First, however, let us define autism. Autism is a neurodevelopmental condition that affects language development and communication, social skills and behavior. In other words, autism makes a person stand out as different and antisocial, and most times, weird!

For a parent who has loads of hopes and dreams for his or her child, a diagnosis is like a death sentence. All the grand plans for the child’s future disappear in an instant. Everything has to be planned again from scratch.

Let us now look beyond the diagnosis. Once you have the news, what should, or more importantly, should you NOT do? What are the things you should not dream of doing if you intend to get through this challenging phase of life?

Panic

Autism is a challenge, yes, but not the end of the world. Don’t panic when you get a diagnosis. Instead, take time to find out about the condition from the internet, online and physical support groups, and even from educators around you. A child with autism always has something special in them that they have to offer the world, something that you will not see if you get all panicky. Take a step back and take your time to understand what this condition means for you and your family, and let them know that though things will change, you will all get through it.

Try to fix your child

Every parent wants their child to get well when diagnosed with an illness, right? It’s the same for many autism parents. They want to see the condition disappear so that their kids are normal again. Well, even with the most intensive of interventions, an autistic child will always remain autistic. What you need to do, therefore, is to help your child learn to cope with the world around him or her, i.e. become independent. Once the child is independent and able to meet the world on their terms, the world will adjust!

Isolate yourself

Okay – we get it. Your child is different and behaves differently from all other kids, and sometimes when you go out, things get crazy. Well, the worst thing you can do is hide away from the world and hope that everything in your cocoon will work out just fine.

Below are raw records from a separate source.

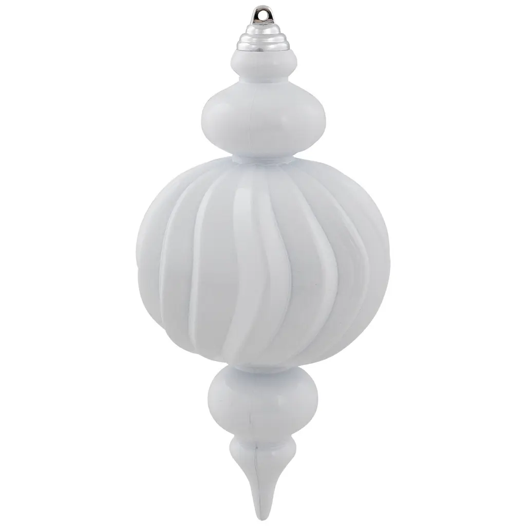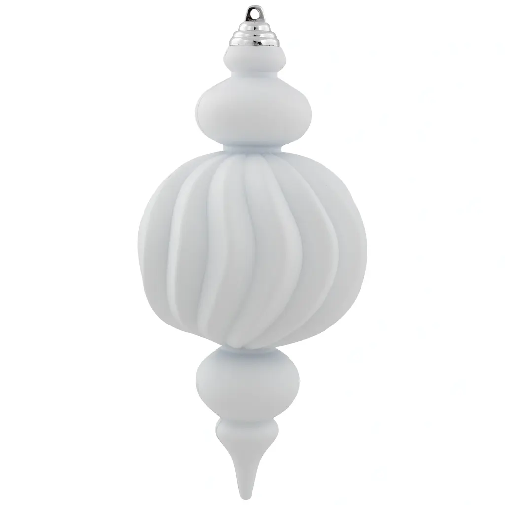 Deck the halls with timeless elegance using our commercial-size shatterproof finial Christmas ornaments in radiant white. This set includes two matte finish ornaments and two shiny finish ornaments, adding elegance and charm to any holiday decor. These ornaments bring the joy of the season without the worry of breakage, ensuring your holiday celebrations sparkle with peace of mind. Perfect for adorning trees, wreaths, garlands, and more. Product Features: 4ct white Christmas finial ornaments Set includes 2 matte and 2 shiny ornaments Commercial size with a textured finish Large enough to decorate a large or commercial-size trees Can be used as a standalone Christmas hanging decoration Equipped with silver ornament caps and hanging cords For indoor use - if using outdoors place under a covered area Dimensions: 10" high x 4" diameter Material(s): plastic Note: Set includes 4 of the item shown; for a total of 4 ornaments
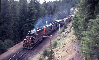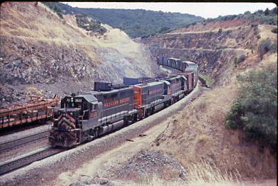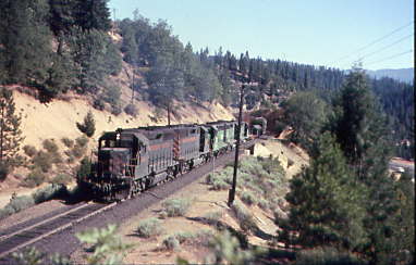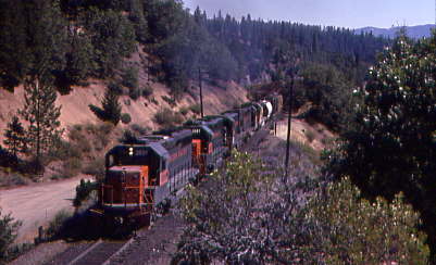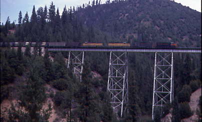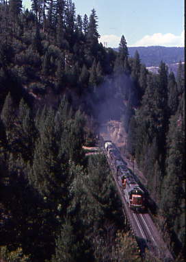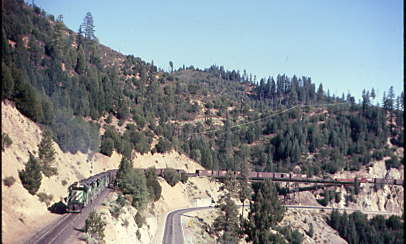 Jeff and I climbed the hill to get a shot of an eastbound near Merlin right above Rock Creek Bridge in 1978. Passing the Homeymoon Tunnels and the Serpertine Canyon, the bridge right before Keddie provided the view in 1981.
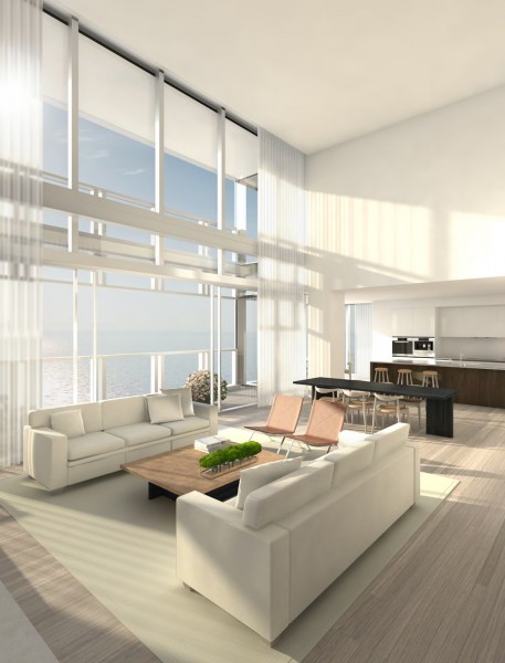 Concierge, a fitness center with modern equipment and personal trainers on hand, a valet and limo service, the amenities of The Residences at Miami Beach Edition condo go above and beyond the standards. There is also a beachfront area that includes umbrellas and chairs available exclusively to residents, a theater, poolside cabanas and much more. The actual residences have several design features by architect John Pawson and also come with floor to ceiling glass windows and private foyers.
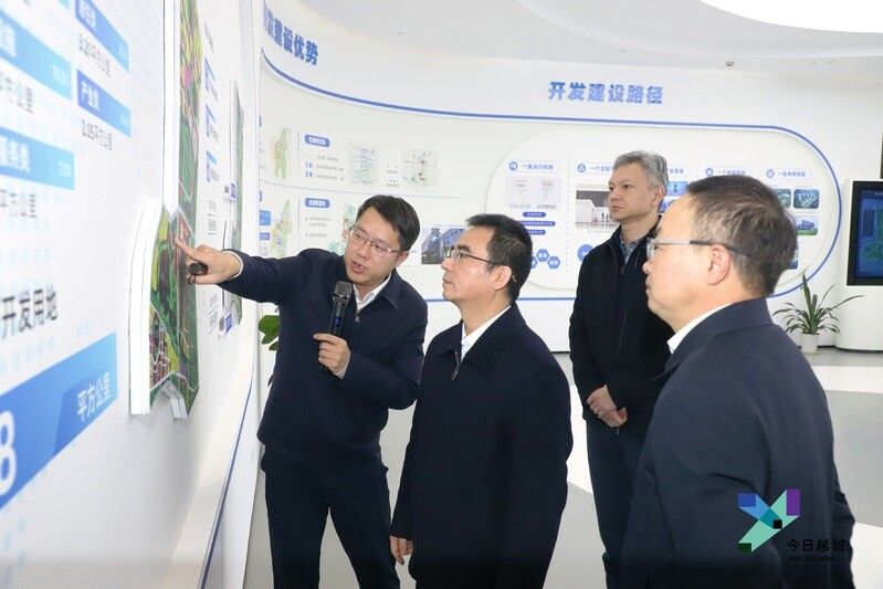 在鉴水科技城展示中心,冯立中详细了解片区整体规划,并主持召开座谈会,听取工作汇报,进行讨论交流,协调具体问题。他指出,鉴水科技城作为全区“一河五片”的重要平台、低空经济的重要承载,自谋划启动以来,坚持创新为魂、突出龙头引领,开发建设速度快、成效好、变化大,值得充分肯定。他强调,要坚持一张蓝图绘到底,紧紧围绕既定规划目标,做到建设和招商并重、品牌和效益并重、国企投资和社会引资并重、硬件基础和软件运营并重、教科人一体和农文旅融合并重、保障要素和防范风险并重、干事业和带队伍并重,以实干实绩实效将美好蓝图落到实处,全力把鉴水科技城建设成为创新强区的主要载体、绍兴科创走廊的重要节点。
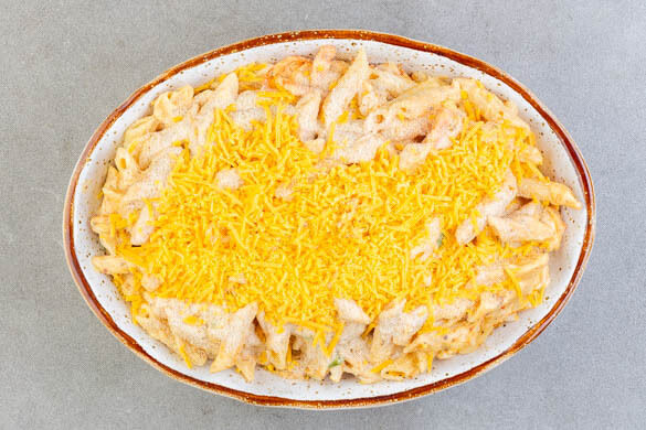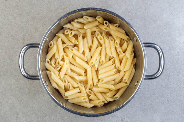 Den Backofen auf 200°C (180°C Umluft) vorheizen. In einem großen Topf ausreichend gesalzenes Wasser für die Pasta zum Kochen bringen. Die Pasta in das kochende Wasser geben und 4–6Min. kochen, bis sie fast gar, aber noch sehr fest ist. In ein Sieb abgießen und abtropfen lassen, dann zurück in den Topf geben.

The opposite is, however, true, because autism is very draining, especially for the caregiver.

If you do decide to take care of your child yourself, make sure you get some time out from your little one, just to catch a breather. Catch little breaks during the day so that you do not get burnt out. Walk around the block, to the shops or to the park with your child. Take little trips in the car when you can. Go to church. Go to family functions. Don’t lock your child away – he or she needs to know there is a world out there, and how to deal with it. Also, don’t lock yourself away – you will burn out before you know it. Ask for help, get a babysitter, or take turns taking care of your child with your spouse or a close family member. If you can, take your child to a special or integrated school, or get a home therapist or tutor so you can get on with life.

Try every fad that comes your way

With every new ‘disease’ comes a new cure! The same is true for autism – there are so many cures and interventions being peddled all around the world, targeting desperate parents who want to see their kids get better. Granted, some of these interventions do work. The challenge is, however, how do you know what will work for your child?

Get informed. Read up on every kind of intervention available and get reviews to find out if they really work. Speak to your pediatrician, neurologist, occupational therapist and speech therapist to find out what approaches to autism exist out there, and which ones actually work. Most importantly, don’t rush to get into a certain kind of treatment just because all those around you are jumping into it. What works for another child may not work for yours.

To the newly diagnosed parent – all is not lost. Autism is not the end of your child’s life, but the beginning of an exciting journey of discovering how differently talented minds work, and finding out what specific area your child is gifted in. Don’t give up on your child – you may just be raising the next inventor, musical prodigy, or computer wizard in your home – an opportunity you do not want to pass up on!